Hi,
We have recently had an issue with our SAN which has highlighted another issue with vCenter.
The background to this is that some sort of event occurs once every two weeks on our SAN which causes dead paths to appear in vCenter. Exactly what this event is is not known at this time and is probably not relevant to this forum, however in brief, it appears that the LUNs are not presented for a split second once every 2 weeks, and that this causes the dead paths in vCenter.
What this has high lighted however is that the dead paths in Vcenter remain dead - i.e. they do not reconnect at any point. Rescanning the HBAs does not reconnect them either.

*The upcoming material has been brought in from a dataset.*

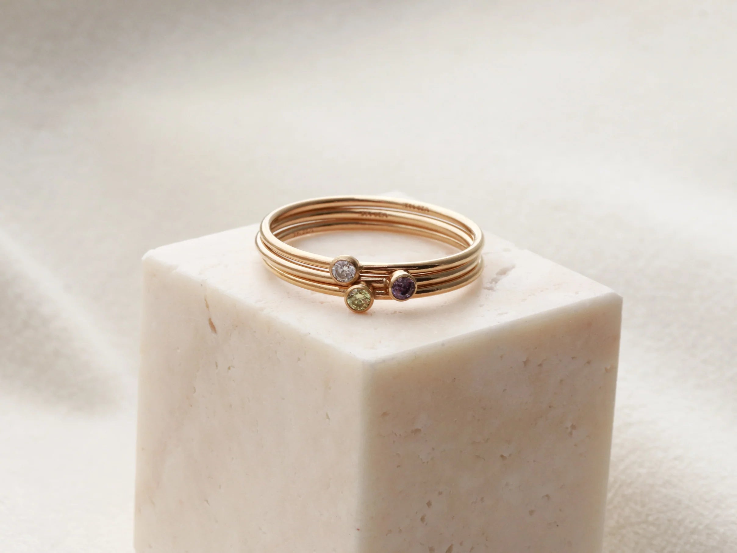 I love these. My husband just passed away and I wanted to have a little something that showed our family birth stones. Both of our girls, him and me without wearing a wedding ring. I love these! Small, delicate, understated but beautiful.

To give a little more detail, we have 2 vmHBAs which connect to 2 fibre channel switches (vmHBA1 to switch 1 and vmHBA2 to switch2).
The two switches then each have a connection to two storage processors (switch 1 to SP1, switch 1 to SP2, switch 2 to SP1 and switch 2 to SP2).

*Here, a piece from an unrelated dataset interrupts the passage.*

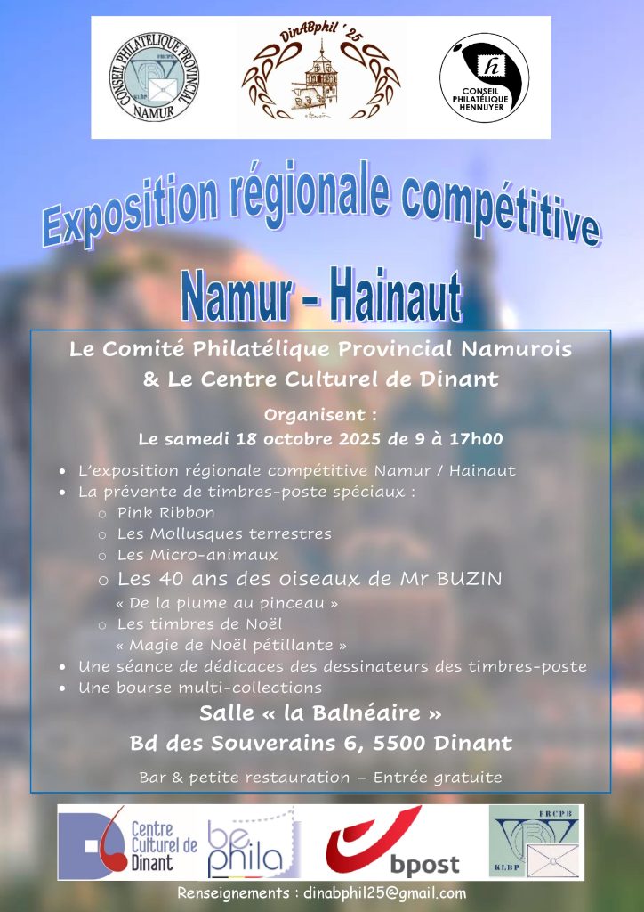 Le Comité Philatélique Provincial Namurois, en collaboration avec le Centre culturel de Dinant et Bpost, organise le samedi 18 octobre 2025 la 5e prévente officielle de timbres-poste de l’année, couplée à l’exposition régionale compétitive Namur–Hainaut (DinABphil’25).

This means that each host has 4 paths to each LUN.
Once every 2 weeks after the SAN event, 8 paths show as dead in Vcenter. If I right click on one of the vmHBAs and click 'Rescan' the dead paths are removed from the list of paths but are not reconnected (ie there are 8 fewer paths in the list).
So far the only method I have found to reconnect the paths is to reboot each host one at a time. Obviously the main thing here is that whatever is happening on the SAN every two weeks should be addressed however this has highlighted that when a dead path appears, it does not reconnect.

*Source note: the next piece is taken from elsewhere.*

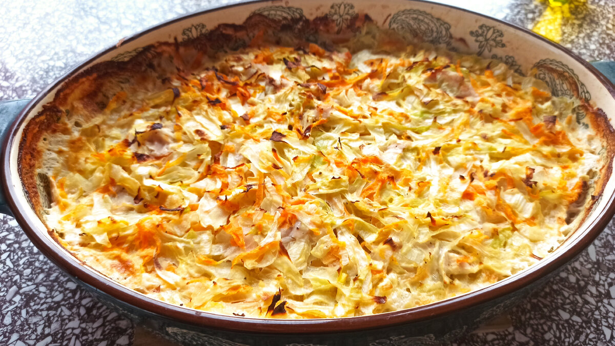 Калорийность этого блюда всего 53 ккал на 100 граммов, на его подготовку к запеканию я трачу всего 10-15 минут своего времени. Остальное делает духовка. Я частенько его готовлю на ужин, мне оно очень нравится. Это сливочная капуста запечённая в духовке. Это очень вкусное блюдо, которое всегда меня выручает, когда мне нужно сбросить пару лишних килограммов после зимы. Его без усилий можно адаптировать под любые вкусы и предпочтения. Муж ест эту капусту вместе со мной, только для него отдельно отвариваю картофель или рис, чтобы было сытнее. Примерные пропорции вы сможете найти в первом комментарии под статьёй. Шаг 1 Начинаю с того, что режу соломкой капусту. Если капуста молодая, то её достаточно залить кипятком и оставить на 3-5 минут. Если капуста зимняя и грубоватая, то отварите её примерно 1 минуту. Шаг 2 Пока капуста находится в кипятке, я чищу морковь и лук. Лук нарезаю мелким кубиком, морковь натираю на крупной тёрке. Шаг 3 Откидываю капусту на дуршлаг, соединяю с морковью и луко

Is anyone aware of either a means to reconnect dead paths without having to reboot every hosts, or preferably a setting in vCenter that will reconnect the dead paths automatically? My concern is that should a path go dead for whatever reason in the middle of the night say, I would rather that it reconnect automatically than remain in a 'dead' state in which our infrastructure overall is left with less redundancy until someone A) notices the dead path and B) reboots every host.
If anyone else has any experience of this, any information would be much appreciated.
vCenter Server version 4.0.0 Build 208111
ESX 4.0
Update on 28/11/2011 - One thing that I don't think I was clear about on my original post, when we get these dead paths, all of the hosts can still access all LUNs, because we have redundancy due to multipathing. The concern is simply that when a path goes dead we have then lost redundancy and are operating in an at-risk state.